Sovereignty

HOW THE ANGLOSPHERE REDEFINED SOVEREIGNTY:

Sovereignty of the Afghan State under the Taliban: The Taliban’s rule violates international norms, but that doesn’t give Pakistan the right to violate Afghanistan’s sovereignty. (Atal Ahmadzai | March 23, 2026, FPIF)

Sovereignty is a fundamental characteristic of the modern state and the basis of contemporary international order, upheld by international law, treaties, and judicial decisions. Key elements of state sovereignty include territorial supremacy, independence, non-intervention, equal rights, and internal jurisdiction. The UN Charter supports these principles by emphasizing “sovereign equality” among member states, prohibiting the threat or use of force against states, and protecting domestic jurisdiction.

Although defined as a state’s supreme authority over its territory and people, sovereignty is not static or absolute but rather subject to change and limitations. Initially, an absolute right of monarchs in the seventeenth century, it evolved into state sovereignty in the eighteenth century, and now reflects modern popular sovereignty. In the aftermath of twentieth-century atrocities committed by states, the concept of sovereignty increasingly highlights the authority of the people through constitutional rights and elected representation. Consequently, modern international law incorporates human rights considerations, among others, that limit state sovereignty. This limitation is particularly relevant to the Taliban regime.

No regime that is not liberal has a legitimate claim to sovereignty.

THE LOSING OF WWII:

Missing liberal hypocrisy (Jerusalem Demsas, Mar 22, 2026, The The Closing Argument)


After the end of WWII, the Allied powers were figuring out what to do with Italy’s African colonies. Libya and Somalia got independence, but Eritrea was handled very differently.

There’s a quote that can be cited by basically any Eritrean in the world attributed to John Foster Dulles, a U.S. representative to the UN General Assembly who would go on to become Eisenhower’s secretary of state:

“From the point of view of justice, the opinions of the Eritrean people must receive consideration. Nevertheless, the strategic interests of the United States in the Red Sea basin and considerations of security and world peace make it necessary that the country has to be linked with our ally, Ethiopia.”1

Essentially, the U.S. was preparing for the Cold War — lining up allies, securing military bases, containing Soviet influence — and wanted Eritrea’s Red Sea ports and communications facilities to go to its existing ally, Ethiopia. Ethiopia is a landlocked country without Eritrea, which was (and is) a large part of its motivation for continued hostilities with its smaller neighbor.

During Ethiopia’s occupation of what is now an independent country, it imposed its own language, banned political parties and unions, and dissolved the Eritrean parliament at gunpoint. Eritreans did not go quietly; what followed was a long and bloody war of resistance.
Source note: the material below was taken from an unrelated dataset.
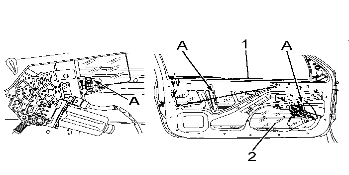 Release the glass (2) from the window winder mechanism by pushing at (A) using a flat screwdriver .
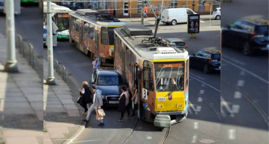 Luksusowe auto "przytuliło się" do trójki. Potężne korki na Niebuszewie

In a country of about 3 million, between 60,000 and 80,000 were killed, and 50,000 children were orphaned. Those casualties include many of my parents’ direct relatives. Proportionally, if this happened in the U.S., that would mean about 6.8 million deaths, on the low end. Hilariously,2 Ethiopia switched sides in the Cold War anyways and imposed communism on both its own people and Eritrea as well. This was all depressingly predictable at the time.

The U.S. decision to oppose Eritrean independence ended up being net negative for world peace and national security as well as for its stated aims of the right to self-determination and independence.

In failing to remove the USSR we compromised our Founding ideals across the globe and let communism kill 100 million people.

THERE IS NO IRAN:

To understand Iran, understand its many peoples: This diverse, mountainous nation of 92 million has long been held together by force. Can it last, the Prisoners of Geography author asks (Tim Marshall, 3/08/26, Times uk)

Because they are difficult to connect, populated mountain regions develop their own cultures. Ethnic groups cling to their identities and resist absorption, making it difficult for the state to foster national unity. Throughout history the country’s rulers have sought strong, centralised and often repressive systems of government to keep the minorities under control and ensure no region can break away or assist foreign powers.

Roughly 60 per cent of Iran’s population is Persian; among the rest are Azeris, Kurds, Arabs, Balochs, Lurs, Turkmen and Armenians, all of whom speak their own languages. There are even a few villages in which Georgian is spoken. The tiny community of Jews (about 8,000) can be traced all the way back to the Babylonian Exile in the 6th century BC. The state religion is Shia Islam, but Iran has Sunni Muslims, Zoroastrians and Baha’is.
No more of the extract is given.